WORK TO BE COMPLETED » After finding the line with "एक अन्य फोटो" in the entries below, retype exactly each line from there through the line with "Patch zum Fixieren", including that final line.

DATASET »
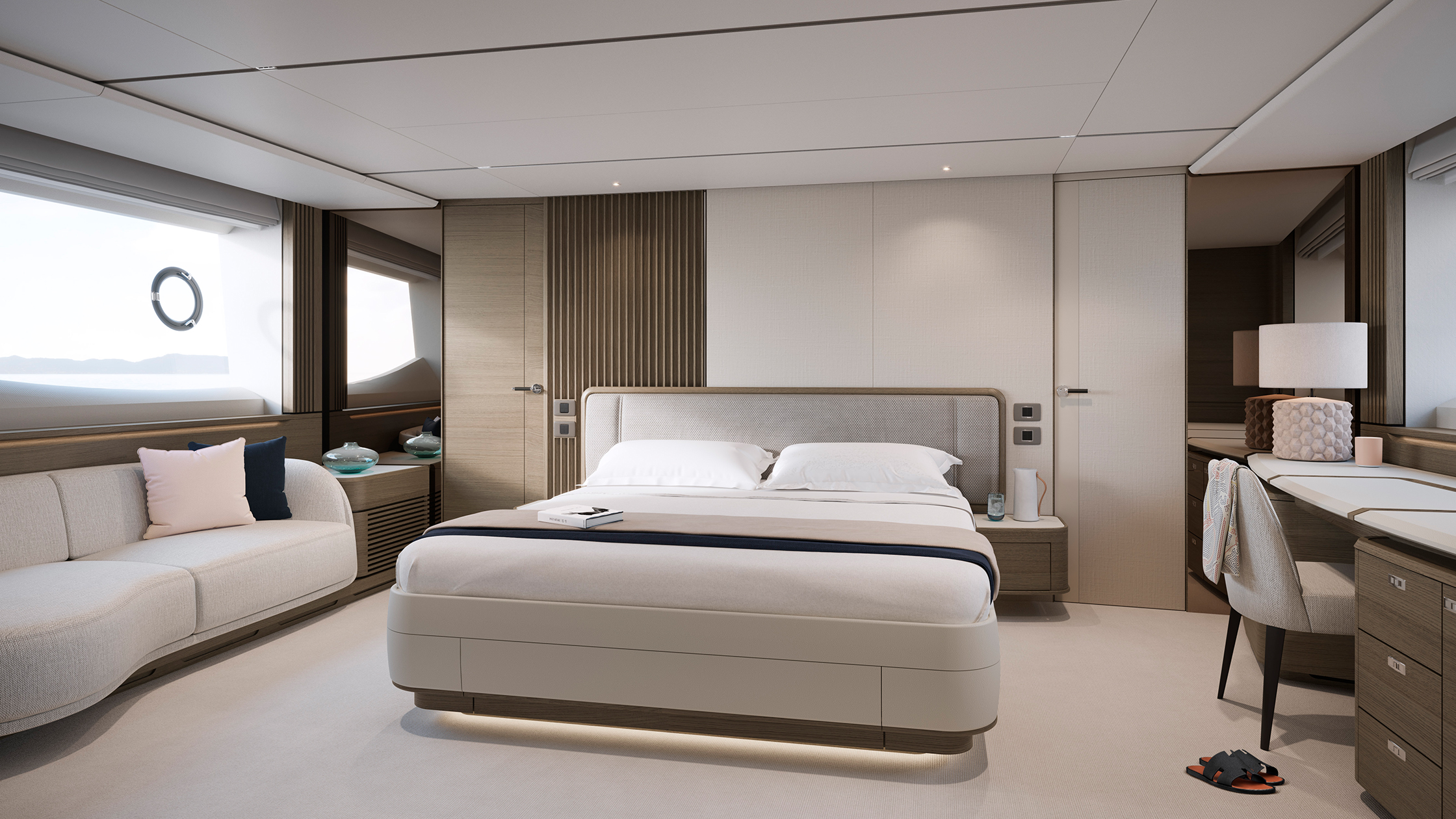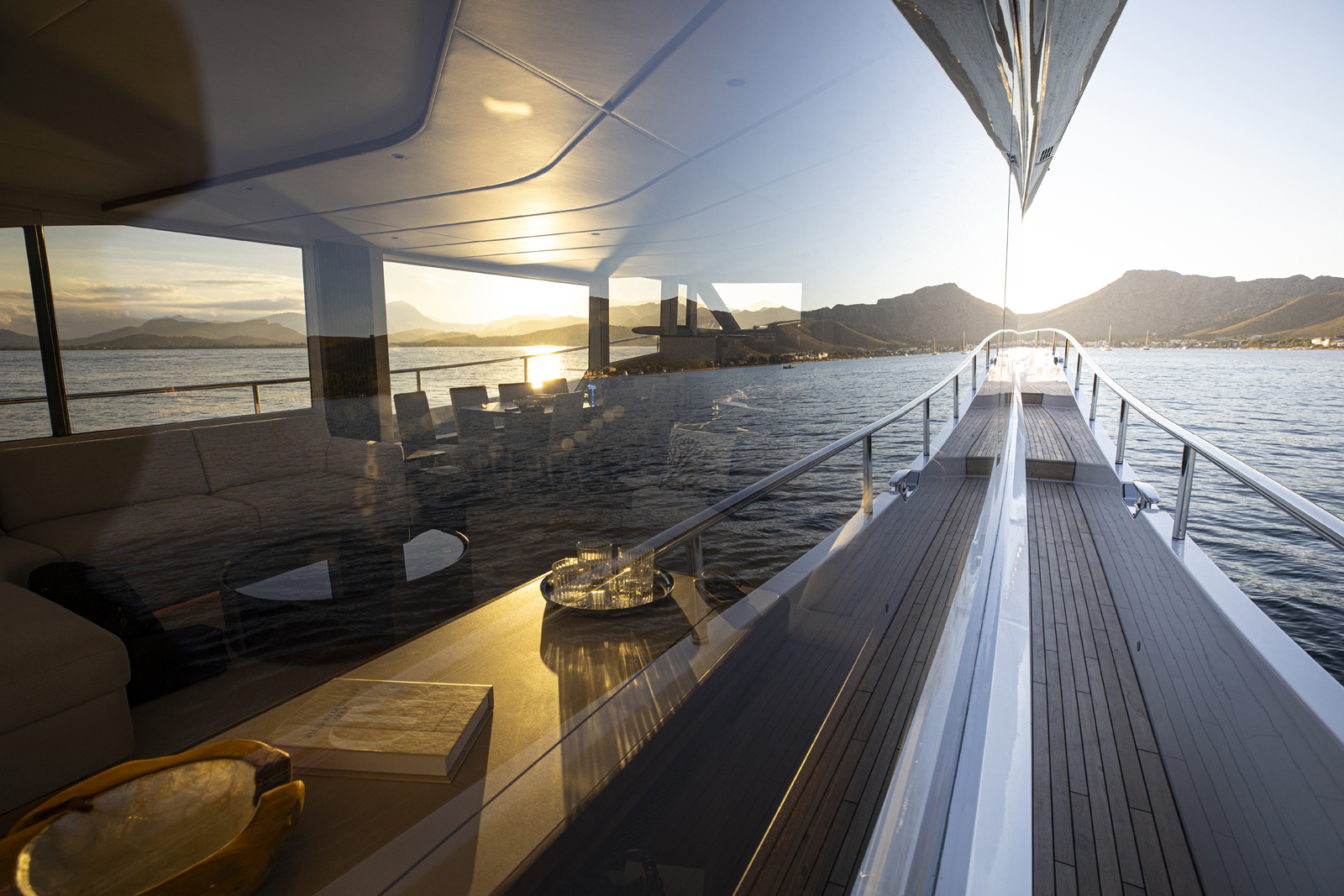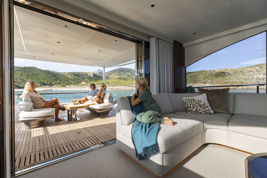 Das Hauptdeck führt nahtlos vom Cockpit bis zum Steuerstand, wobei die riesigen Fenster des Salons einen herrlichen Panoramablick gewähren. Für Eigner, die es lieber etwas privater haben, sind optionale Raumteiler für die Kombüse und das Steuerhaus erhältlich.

--

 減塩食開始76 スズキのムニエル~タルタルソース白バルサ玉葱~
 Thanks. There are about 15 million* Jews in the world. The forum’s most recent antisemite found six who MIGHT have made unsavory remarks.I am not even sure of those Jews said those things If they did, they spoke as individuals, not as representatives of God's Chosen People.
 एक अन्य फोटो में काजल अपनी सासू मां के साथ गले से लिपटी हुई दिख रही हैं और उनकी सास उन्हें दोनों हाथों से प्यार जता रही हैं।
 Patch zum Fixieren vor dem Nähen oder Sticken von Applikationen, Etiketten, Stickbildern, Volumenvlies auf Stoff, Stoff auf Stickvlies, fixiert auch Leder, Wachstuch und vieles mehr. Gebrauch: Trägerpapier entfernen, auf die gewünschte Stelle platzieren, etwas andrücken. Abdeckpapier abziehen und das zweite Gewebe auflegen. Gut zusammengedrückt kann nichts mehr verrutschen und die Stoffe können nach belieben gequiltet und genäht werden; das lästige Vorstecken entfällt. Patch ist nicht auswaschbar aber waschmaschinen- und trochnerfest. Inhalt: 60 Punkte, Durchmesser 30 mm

ANSWER FOR THE TASK »
 एक अन्य फोटो में काजल अपनी सासू मां के साथ गले से लिपटी हुई दिख रही हैं और उनकी सास उन्हें दोनों हाथों से प्यार जता रही हैं।
 Patch zum Fixieren vor dem Nähen oder Sticken von Applikationen, Etiketten, Stickbildern, Volumenvlies auf Stoff, Stoff auf Stickvlies, fixiert auch Leder, Wachstuch und vieles mehr. Gebrauch: Trägerpapier entfernen, auf die gewünschte Stelle platzieren, etwas andrücken. Abdeckpapier abziehen und das zweite Gewebe auflegen. Gut zusammengedrückt kann nichts mehr verrutschen und die Stoffe können nach belieben gequiltet und genäht werden; das lästige Vorstecken entfällt. Patch ist nicht auswaschbar aber waschmaschinen- und trochnerfest. Inhalt: 60 Punkte, Durchmesser 30 mm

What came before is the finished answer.